If torsional vibration data is available, the minimum required amount of fit may be calculated using equations that can be found in most machine design books.
CASE STUDY
The input gear in a gearbox had experienced repeated torsional fatigue failures. The failures became worse when the input shaft coupling was replaced with a different type coupling. Torsional vibration measurements with a strain gauge and a Holzer analysis identified a torsional natural frequency at the motor speed. The change in angular deflection was greatest near the input gear.
Several coupling designs were evaluated using Holzer modeling to determine which one would move the natural frequency away from the motor speed and reduce the angular deflection at the input gear. A coupling was selected that shifted the natural frequency and reduced the angular deflection at the input gear. Results of the torsional mode shape at motor running speed before and after the change are shown in Figure 9. The natural frequency changed about 10 percent and the angular deflection at the input gear was reduced 60 percent. Note that both plots vary from 0 - 1 (normalized), but maximum value of angular deflection after the coupling change was reduced 80 percent.
Figure 9: Before and after results of coupling change
CONCLUSION
Torsional resonance and failures are more common than recognized. They can be eliminated by:
- Careful machining and assembly.
- Measurement and correction of torsional variations.
- Changing the natural frequency(ies) of the system.
Analysis of a torsional failure may seem daunting at first, but it is always easier and less expensive than fixing repeat failures.
References:
- Harris, Cyril M. Shock and Vibration Handbook. New York City: McGraw-Hill Companies, 1996.

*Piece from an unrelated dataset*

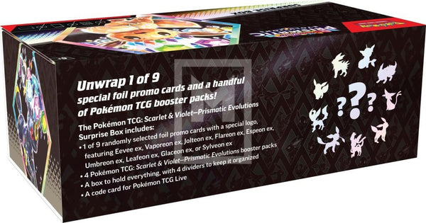 The Pokémon TCG: Scarlet & Violet—Prismatic Evolutions Surprise Box includes:
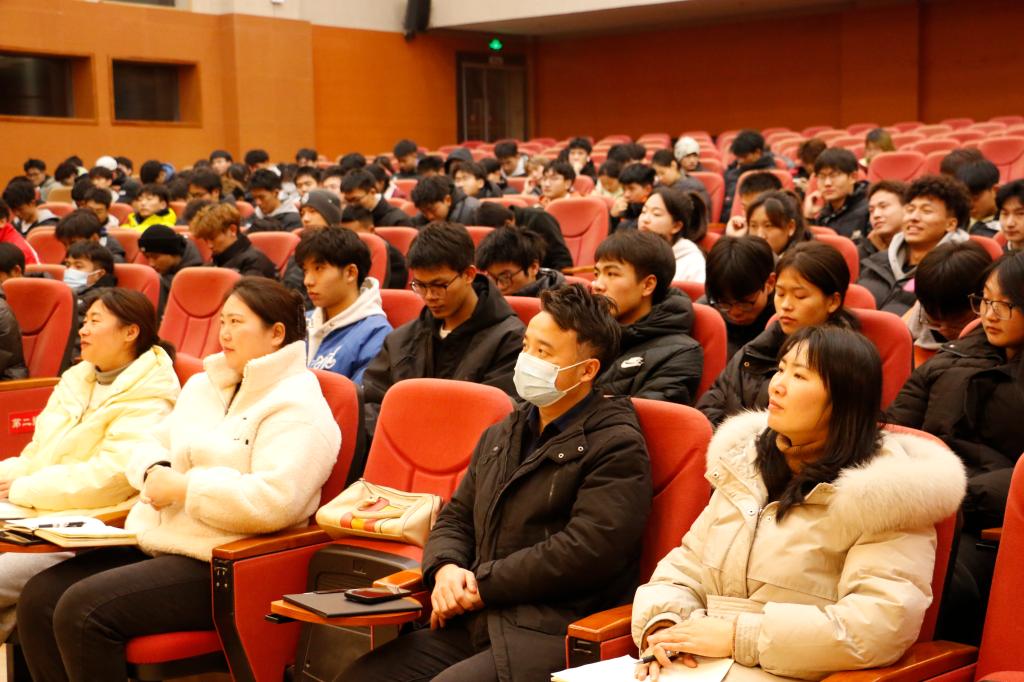20231225日晚19:00,澳门十大信誉好的网站在学术报告A厅开展了第七场2023级新生入学教育讲座。学院党委书记王兆忠,党委副书记靳浪,学工办主任祝利平,辅导员石姣娜、李波、刘方芳及2023级全体新生参与本次讲座。王兆忠担任主讲。

- Nestorides, E.J. A Handbook on Torsional Analysis. Cambridge: Cambridge University Press, 2011.
- American Petroleum Institute. API Standard 684, Tutorial on the API Standard Paragraphs Covering Rotor Dynamics and Balancing (An Introduction to Lateral Critical and Train Torsional Analysis and Rotor Balancing). Washington, D.C.: American Petroleum Institute, 1996.
- Shigley, J., Mischke, C. Standard Handbook of Machine Design. New York City: McGraw-Hill Companies, 1996.